公害の原点 水俣病、最大の公害 煙草問題(死ぬ人が多い)、最長の公害 核問題(万年単位)

 水俣病の公式発見は1956年、チッソによる水銀の海洋放出が始まったのは1932年であるから、水俣病(有機水銀が食物連鎖を通じて生物濃縮され、その魚介類を食べて、あるいは胎盤から移行して発症)の始まりは1930年代であると推察される。学校教育では「解決済みの問題」として教えることが多いようだ。しかし現在もなされるべきことがなされておらず、その背景には国家、企業、専門家、市民の意識にかかわる構造的な問題がある。水俣病関西訴訟最高裁判決(2004年)を経た現段階において最優先課題は次の2点である。

昭和521977]年判断条件の見直し、2009年水俣病特措法の見直し

 詳細は拙著(戸田2009)および関連文献(津田2004;宮澤2007;全日本民医連2010)を参照されたい。水俣病特措法はチッソ救済法、被害者切り捨て法と言われたが、2011年8月3日に成立した原子力賠償支援機構法も、東電救済法、被害者切り捨て法と言われている。公害の原点である水俣病への対応の問題点を理解することで、日本社会の構造的な問題点が見えてくる。」(戸田2012:2−4)

 1995年と2009年の政治決着では、未認定患者の一部を水俣病認定せずに救済対象とするもので、「救済」される人は「水俣病であるともないともいえない」という中途半端な位置づけを与えられたことになる。1995年政治決着の期間が終わろうとする2008年に、認定患者2960人(生存855人)、医療・保健・新保健手帳交付者(認定せず救済)28600人、認定申請者5992人であった(戸田200912)。

2009年特措法による政治決着でも、生年や地域による線引きがある。生年による線引き(196911月)では、196912月以降生まれの人はへその緒の水銀値だけで決めており、特措法認定が困難になる。県の基準は1ppm以上。1972年生まれのある男性は0.223ppm(平均の倍)であったがもちろん却下された。特措法の申請は2012年7月で締め切りの予定であるが、4月末現在5万人が申請している(NHKニュース2012年5月1日)。地域による線引きでは、指定地域が1995年のときよりも狭くなっている(全日本民主医療機関連合会編201047の地図を参照)。指定地域の対岸にも患者がおり、指定地域の外の山間部にも行商から魚を購入したためとみられる患者のいることが、最近の調査でわかってきた(NHK2012)。加害者救済(今回はチッソ分社化)と被害者切り捨ての歴史が繰り返されようとしている。

 

表1 水俣病の年表

1932年 水銀触媒の使用開始

1956年 水俣病の公式発見

1959年 有機水銀中毒と判明。認定開始

1968年 政府が公害病と認める

1971年 「いずれかの症状」で認定する通知。大石武一環境庁長官。

1977年 「症状の組み合わせ」を要する昭和52年判断条件(認定基準改悪)。石原慎太郎環境庁長官。
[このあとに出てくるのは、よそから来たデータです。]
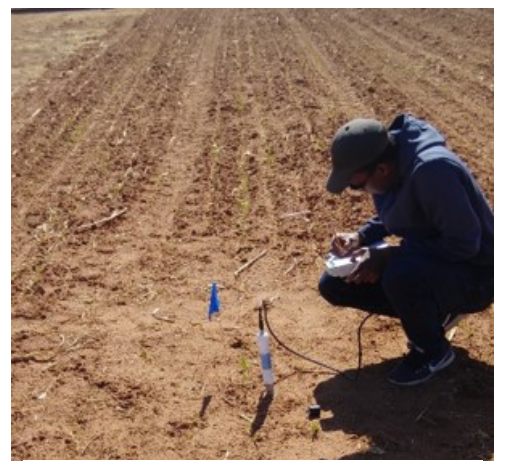
Remote soil moisture measuring

Impact : Excessive phosphorus content in treated municipal wastewater could be a concern in agricultural production and due to environmental impacts. In addition to being a more environmentally friendly method to dispose of the water, its reuse through low application rate/frequent application irrigation could reduce the amount of inorganic phosphors fertilizers required to maximize the production of spring cereal forage crops.
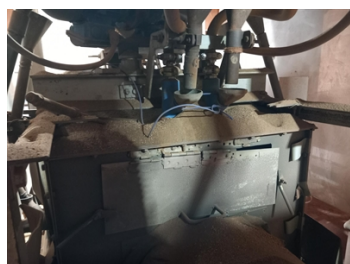
External of the blast enclosure in situ

The steel wall plates of the blast enclosure were naturally wearing away by the internal blasting process. This would lead to through-wall and escaping blast media and dust. Eventually the line would have to be stopped and the plates replaced, causing downtime and manpower resource requirements. There was also a cost issue with continually buying new parts
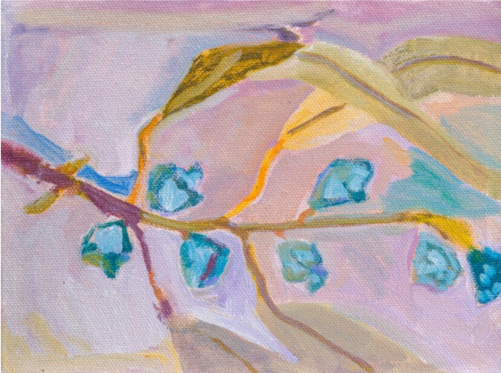
Gum Leaves, Spring Beach
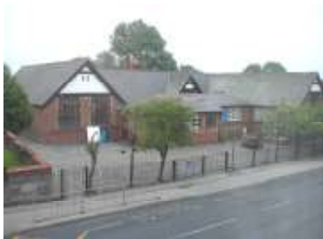
Wesham C.E. Primary

There are two primary schools located within the parish, St Joseph's Catholic Primary School and Wesham Church of England Primary School.
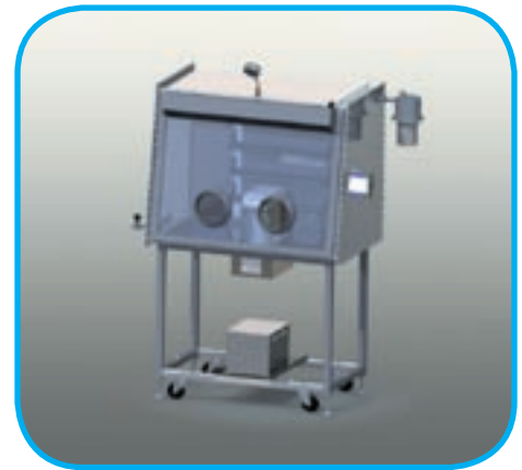
Q150GB mounted in a glove box

At the operational heart of Q150GB is a simple colour touch screen, which allows even the most inexperienced or occasional operators to rapidly enter and store their own process data. To further aid ease of use a number of typical sputtering and evaporation profiles are provided.
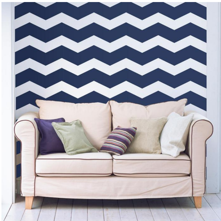
Wallpaper: Chevrons Wall Decals by WallsNeedLove
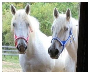
Princess and Boomer

Boomer has been in classes already and is learning how to make friends in the herd. Princess is working on getting used to the mounting area and procedure before she joins classes. She has settled in great with the other mares.
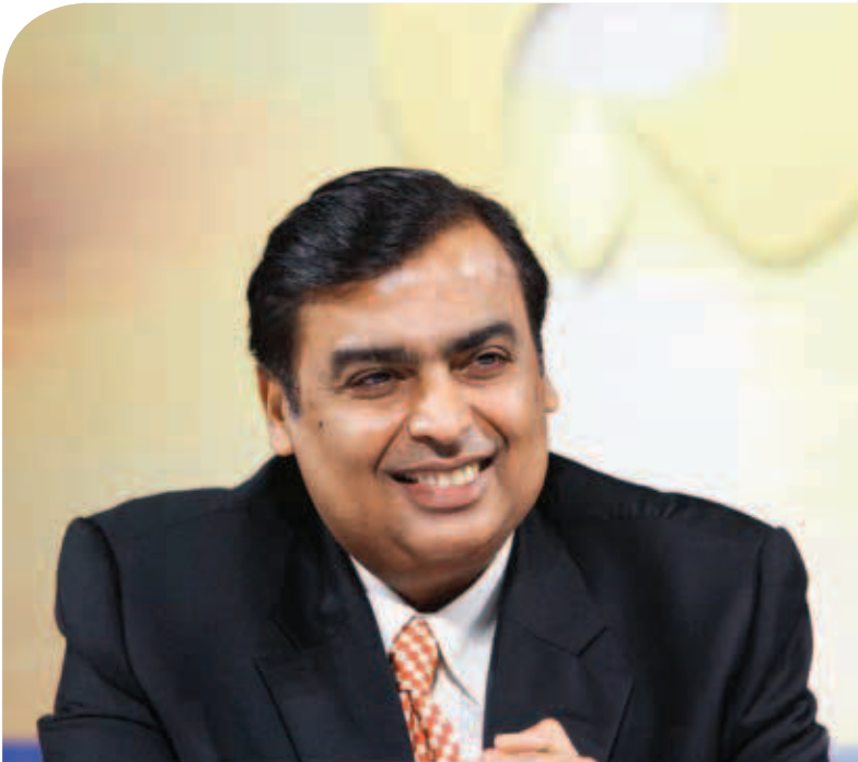
Mukesh D. Ambani, Chairman and Managing Director

I am delighted to write to you once again to update you on the performance of Reliance Industries Limited. Reliance continues to set new benchmarks and records despite a challenging global economic scenario marked by volatile commodity prices, weak growth in certain major economies and dollar appreciation against most major global currencies.
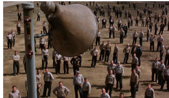
Screenshot 7. The stunning effect of music for the inmates

weeks. This example shows how any effort of violating or undermining structure of domination (no matter how small it is) will result in a sanction, which is severe in Andy’s case.
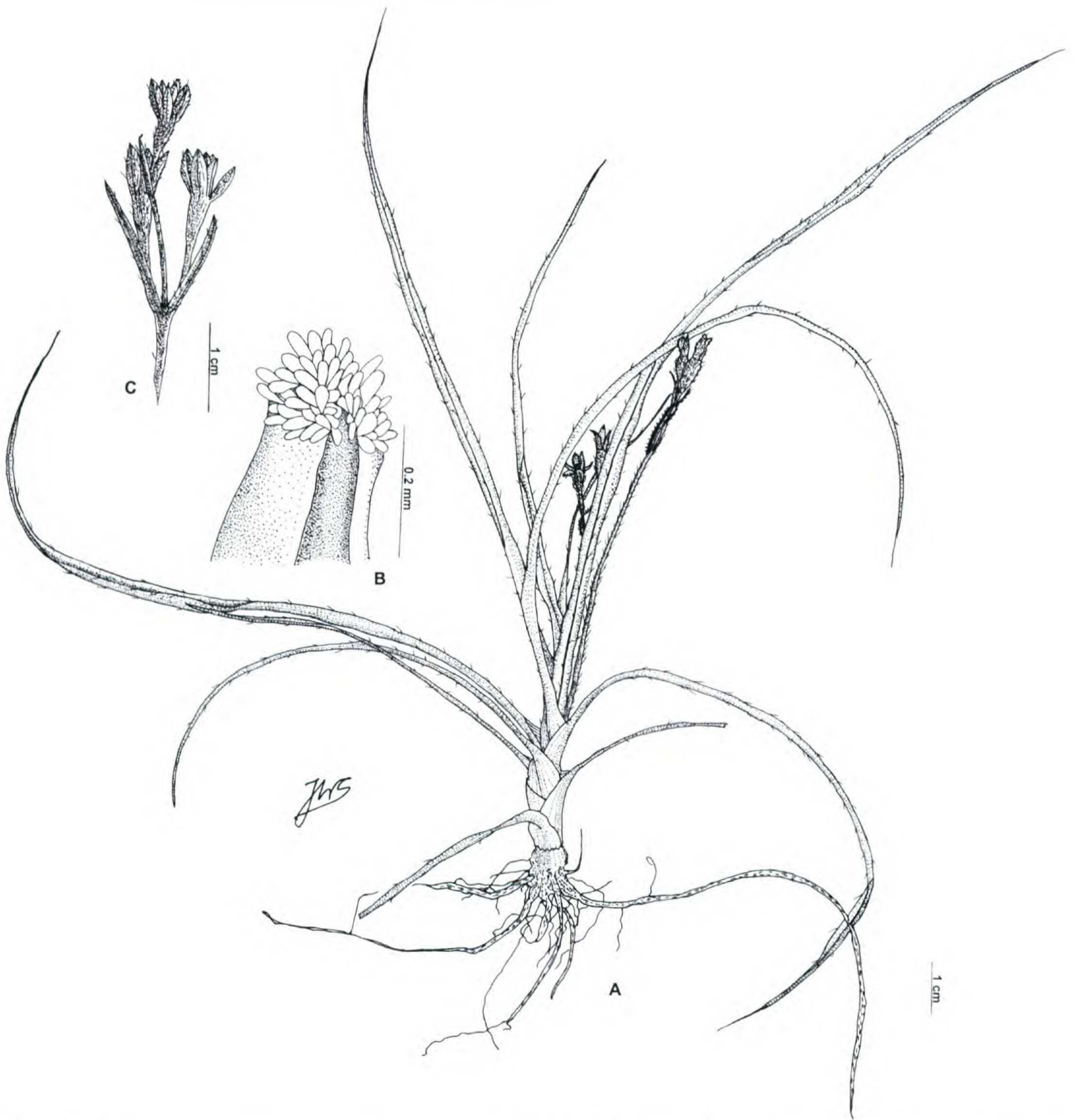
Figure 3. Hypoxis angustifolia var. madagascariensis Wiland. —A. Habit. —B. Papillae on apex of inner tepal. —C. Inflorescence. A & B from Rakoto & Turk 83, MO; C from Zjhra & Hutcheon 273 (MO).

gascar there is no distinct difference in geographical distribution or habitat preference between these two taxa. Field studies are needed to evaluate the relationship between them.

1991年 中央公害対策審議会の会合で環境庁担当者が「水俣病には医学的な診断基準はなく、行政が作った52年判断条件がその代わりをしている」と発言(宮澤200751)。

1995年 未認定患者の一部を認定せずに救済対象とする政治決着

1998年 日本精神神経学会が昭和52年判断条件は科学的に誤りであると指摘。

20041015日 水俣病関西訴訟で最高裁勝訴。昭和52年判断条件を間接的に否定。

2009年7月15日 「水俣病被害者の救済及び水俣病問題の解決に関する特別措置法」(水俣病特措法)成立(反対は共産党、社民党)。チッソ分社化、未認定患者の一部を認定せずに救済対象とする2回目の政治決着

2009年9月 民医連ほか水俣病大検診

2012年2月27日 水俣病熊本訴訟(地裁では敗訴)で福岡高裁逆転勝訴。昭和52年判断条件を否定。

2012年4月8日、環境副大臣が被害者掘り起こし検診について「申請を締め切った後は、慎んでもらいたい。他の団体にも迷惑」と発言。後に謝罪。

2012年4月12日 水俣病大阪訴訟(地裁では勝訴)で大阪高裁逆転敗訴。昭和52年判断条件を肯定。

2012年6月 民医連ほか水俣病大検診の予定

2012年7月31日 特措法申請を打ち切り強行。不知火患者会は「歴史的暴挙」と抗議。

 

2.カネミ油症

カネミ油症は水俣病と同様に化学性食中毒であり、PCBとPCDF(ダイオキシン)の複合汚染である。主因はPCDFである。診定基準(認定基準)は1968年の制定以来、微修正はあるが、「皮膚症状偏重」の基調は変わらず、油症が「全身病」である実態が反映されていない(NHK2005、カネミ油症被害者支援センター編2006、原田2010)。2004年基準改訂以降も、PCDF濃度が低い(30pg/g未満)と棄却される。しかし、1968年以来約40年を経過し、血中濃度に大きな個人差が出るのは当然である。認定患者で「基準」を下回る人もいる。カネミ油症事件では14000人以上」(最終的に保健所が集計した被害届者は14,320 人。カネミ油症被害者支援センターご教示)が被害を届け出たが、患者として認定されたのは約2000人(2011331日現在で1955名)にすぎない。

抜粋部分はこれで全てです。